Pemerintah tengah menggenjot produksi metanol untuk memenuhi kebutuhan program mandatori Biodiesel 50% atau B50. Pasalnya, Indonesia masih mengalami defisit produksi metanol.
Menteri Energi dan Sumber Daya Mineral (ESDM), Bahlil Lahadalia, mengatakan Indonesia akan memiliki pabrik metanol untuk mendukung program mandatory B50.
"Arahan Bapak Presiden itu langsung juga kita bangun dalam negeri. Itu kita akan bangun di Bojonegoro. Bahan bakunya dari gas," ujar Bahlil saat ditemui di Kantor Kementerian ESDM, Jumat (17/1).

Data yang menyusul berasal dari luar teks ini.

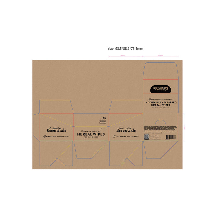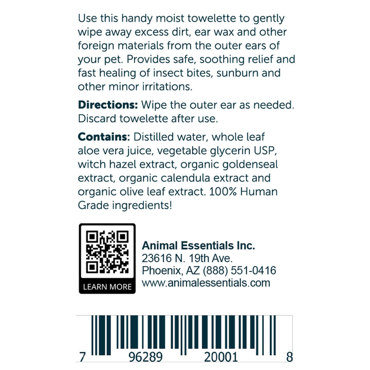 Animal Essentials Herbal Ear Wipes provide a quick and easy way to wipe away excess earwax, dirt, and debris from your pet’s ears, paws, and skin. These convenient, individually packaged towelettes are perfect for on-the-go use, fitting easily into your purse, glovebox, or backpack.
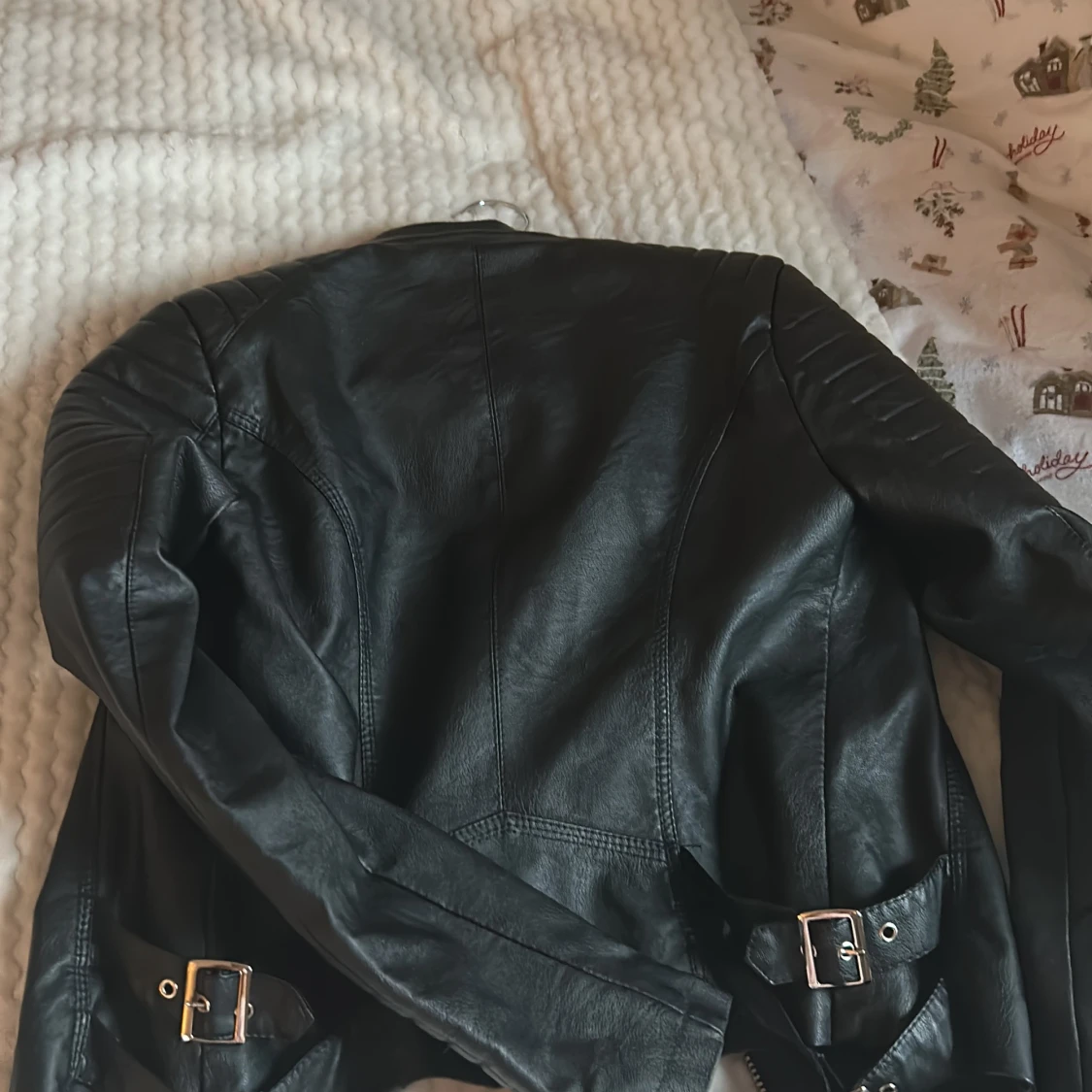Snygg svart skinnjacka från Voyelles med dragkedjor och knappar. Jackan har en cool bikerstil med detaljer som bälten och quiltade partier på axlarna. Perfekt för en edgy look!

Bahlil mengatakan, pembangunan pabrik metanol di Bojonegoro dilaksanakan oleh investor dalam negeri. Meski begitu, ia tidak menjelaskan lebih lanjut mengenai siapa investor yang akan membangun pabrik tersebut.
"Swasta nasional, investornya dari dalam negeri. Engga ada asing," ujarnya.
Biodiesel B50 adalah pencampuran bahan bakar nabati (BBN) sebesar 50 % dengan bahan bakar minyak (BBM). Metanol dibutuhkan untuk proses pencampuran kedua bahan bakar tersebut.
Pada Jumat (10/1), Bahlil mengatakan program B40 membutuhkan setidaknya hingga 2,3 juta ton metanol. Namun, Indonesia baru bisa memproduksi metanol sebesar 500 ribu ton atau kurang 1,8 juta ton.
Sementara itu, untuk meningkatkan produksi etanol yang berasal dari tanaman tebu. Pemerintah tengah menyiapkan beberapa program perkebunan tebu di Jawa dan Merauke, Papua.
"Supaya betul-betul perbaurannya itu dilakukan semuanya dalam negeri," ucapnya.
Bahlil mengatakan, saat ini pemerintah berencana untuk memaksimalkan potensi bioenergi guna mencapai ketahanan energi nasional. Adapun salah satu strategi untuk mendorong ketahanan energi di Indonesia dilakukan dengan memaksimalkan produksi biodiesel dengan menggunakan crude palm oil (CPO).
"Arahan Bapak Presiden itu kan kita mendorong kepada ketahanan energi. Sambil kita memacu lifting minyak kita, salah satu strateginya adalah kita mempergunakan biodiesel dengan mempergunakan CPO," ujarnya.